What is the likely outcome of that historic event on energy and environmental issues? Simply put: more of the same.

Let me rephrase that slightly. Obama will likely stay the course on his current energy and environmental policies.

That means more executive orders like the one that raised vehicle fuel efficiency standards, and continued progress on regulatory efforts to restrain greenhouse gas emissions and other air pollution from coal-fired power plants.

Even if Nobel Prize-winning Secretary of Energy Steven Chu leaves the administration, as has been rumored, innovative programs such as the Advanced Research Projects Agency–Energy will continue to attempt to invent a future of cleaner energy.

And the Department of Energy as a whole will continue to push forward with its “all of the above” energy strategy, which will encourage the rise of shale gas but also continue federal support such as tax credits and loan guarantees for big alternative energy projects, from solar power to nuclear.

Both energy and environment merited brief mentions in Obama’s victory speech. He spoke of “freeing ourselves from foreign oil,” a dream of every American president since Richard Nixon. That will mean more oil and gas drilling in the U.S., perhaps more responsibly done on public lands than what Mitt Romney promised. Already, U.S. oil production is on the rise, according to the U.S. Energy Information Administration, and imports have fallen below 45 percent for the first time in more than 30 years. Major government oil users, such as the U.S. Department of Defense, will also likely continue their bid to promote alternative fuels, such as jet fuel made from biomass (plants) or natural gas.

Obama defeated Romney in large part due to a coalition of the young, women and minorities such as blacks and Hispanics. All will be owed action on key issues: immigration reform, holding the line on reproductive rights and, yes, some kind of action on climate change. After all, a second term means the Obama administration will have to carry out U.S. commitments made in climate talks at Copenhagen and Durban to reduce greenhouse gas emissions by 4 percent below 1990 levels by 2020 and to craft a global agreement by 2015 to combat climate change. “We want our children to live in an America that isn’t burdened by debt, that isn’t weakened by inequality, that isn’t threatened by the destructive power of a warming planet,” Obama said — a key reason he earned the endorsement of New York City Mayor Michael Bloomberg in the wake of global warming-exacerbated Superstorm Sandy. The mention of a “warming planet” was a departure from Obama’s silence on climate change throughout the campaign.

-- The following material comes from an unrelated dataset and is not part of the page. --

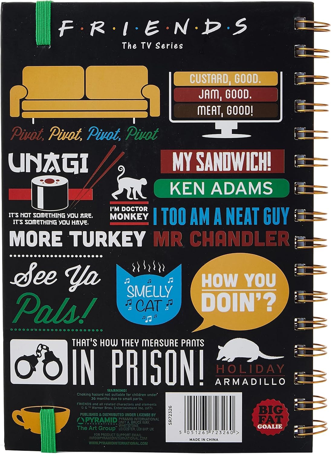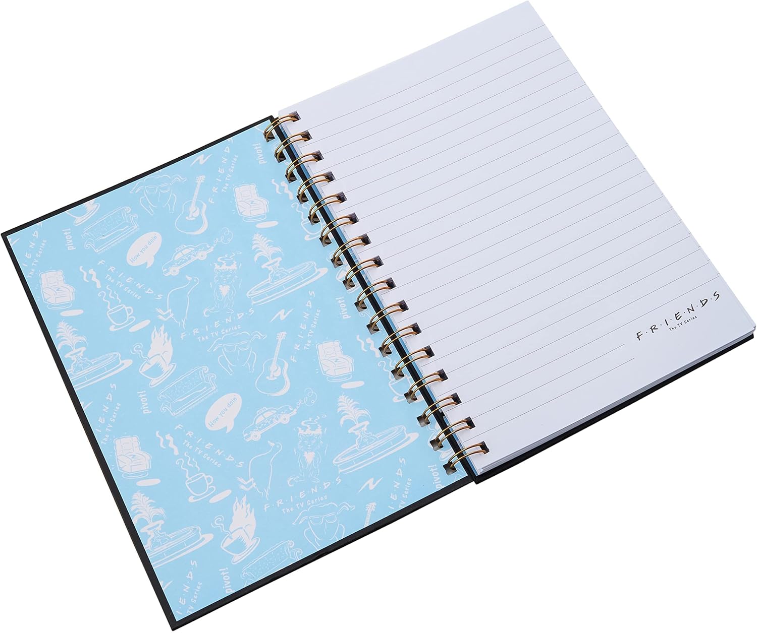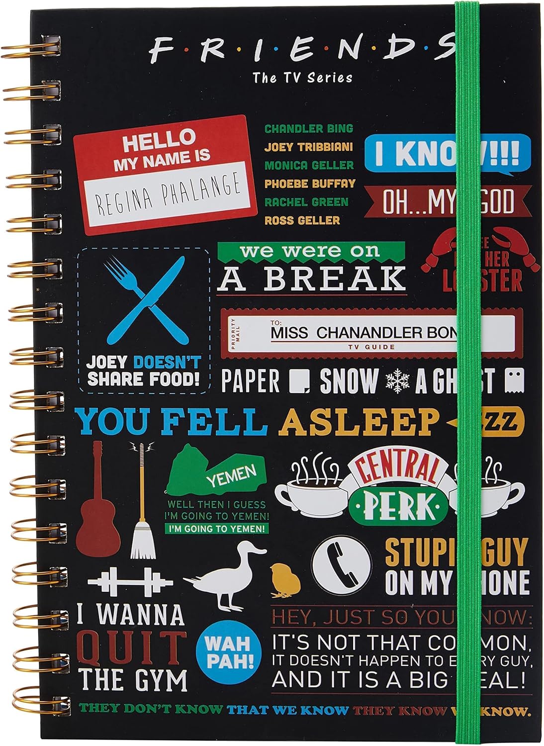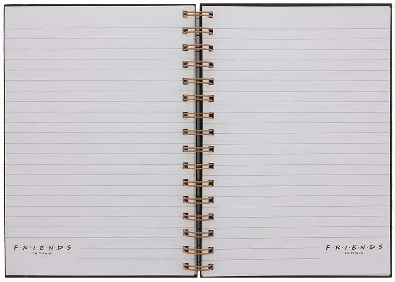 BLOCCO NOTE PER DIARIO CON COPERTINA RIGIDA DI ALTA QUALITÀ - con una cinghia elastica per tenerlo chiuso e pagine a righe spesse, per tenere un diario, annotare ordini di caffè o scrivere elenchi di pro e contro di potenziali partner PRESENTA ALCUNE DELLE CITAZIONI DEI MIGLIORI AMICI - tra cui le grida di Janice di Oh...mio...Dio!, la teoria dell'anima gemella di Phoebe Sei la mia aragosta, la famosa frase di Ross, Eravamo in pausa e la battuta di Joey, Joey non condivide il cibo MOSTRA I SIMBOLI DELLO SPETTACOLO - La chitarra di Phoebe che usa per scrivere ed eseguire Smelly Cat e la scopa che Old Man Heckles usa per sbattere contro l'appartamento di Monica e Rachel quando sono troppo rumorosi, così come il logo immediatamente riconoscibile di Central Perks e altro ancora OTTIMO REGALO PER AMICI FAN DI TUTTE LE ETÀ - chiunque ami le scappatelle romantiche degli amici affiatati apprezzerà questo taccuino che evoca il loro invidiabile stile di vita a Manhattan degli anni '90 ORIGINALE FRIENDS MERCHANDISE - basato sulla sitcom di lunga data della NBC con protagonisti i coinquilini Rachel e Monica, suo fratello Ross e gli amici Phoebe, Chandler e Joey, ufficialmente approvato dai Warner Bros Studios

One idea to reduce the debt burden *and* combat climate change is known simply as a carbon tax. Many versions of the idea exist but all boil down to a tax placed on fossil fuels based on the greenhouse gases emitted when they are burned. Such a tax could ensure reductions in the CO2 emissions causing climate change, spur innovative energy technologies ranging from CO2 capture and storage to geothermal power, and help balance the budget while potentially reducing other taxes.

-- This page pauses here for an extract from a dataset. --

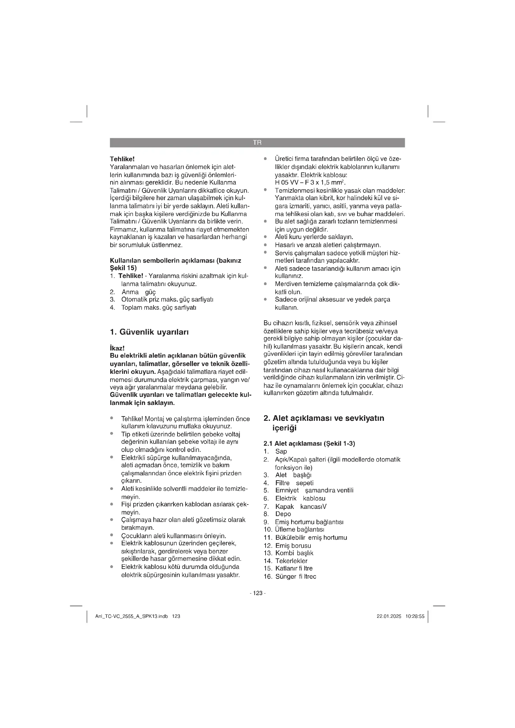 Üretici firma tarafından belirtilen ölçü ve öze- llikler dışındaki elektrik kablolarının kullanımı yasaktır. Elektrik kablosu: H 05 VV – F 3 x 1,5 mm

But Republican control of the U.S. House of Representatives makes such a tax seem unlikely. That means the biggest chance to reduce U.S. emissions— a process already under way — remains turning off old coal-fired power plants and replacing them with new ones that burn natural gas, a switch that is already occurring thanks to low prices for the gaseous fossil fuel as a result of fracking.

Obama’s second term may not slow the rise of the oceans or begin the healing of the planet — as predicted in an earlier victory speech — but it will give the two-term president a chance to secure his legacy as one of the greenest chief executives in U.S. history. That may include ending subsidies to the fossil fuel industry or even putting more solar panels on the White House like former President Jimmy Carter did, as promised. At the very least, it should include talking more about the defining energy and environmental challenge facing the United States according to President Obama: climate change.